# How to complete this task
In the entries that follow, the lines from the one with "- Reference bolt" through the one with "Avon Golden Vanity" are the ones to write out, exactly and with both ends included. Nothing else should appear.

# Task data
# # #

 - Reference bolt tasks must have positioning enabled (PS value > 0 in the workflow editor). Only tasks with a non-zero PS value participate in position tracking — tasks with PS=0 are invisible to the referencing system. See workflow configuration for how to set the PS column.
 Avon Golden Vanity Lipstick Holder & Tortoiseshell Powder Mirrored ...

# # #

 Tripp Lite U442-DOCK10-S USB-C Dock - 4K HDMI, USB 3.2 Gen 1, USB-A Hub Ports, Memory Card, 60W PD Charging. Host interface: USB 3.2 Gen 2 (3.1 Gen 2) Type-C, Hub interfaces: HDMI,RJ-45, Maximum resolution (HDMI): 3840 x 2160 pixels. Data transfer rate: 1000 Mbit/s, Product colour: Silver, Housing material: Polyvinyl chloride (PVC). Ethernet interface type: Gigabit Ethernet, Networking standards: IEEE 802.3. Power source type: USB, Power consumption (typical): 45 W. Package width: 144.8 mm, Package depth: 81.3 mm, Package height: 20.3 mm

# # #

# Solved problem
 - Reference bolt tasks must have positioning enabled (PS value > 0 in the workflow editor). Only tasks with a non-zero PS value participate in position tracking — tasks with PS=0 are invisible to the referencing system. See workflow configuration for how to set the PS column.
 Avon Golden Vanity Lipstick Holder & Tortoiseshell Powder Mirrored ...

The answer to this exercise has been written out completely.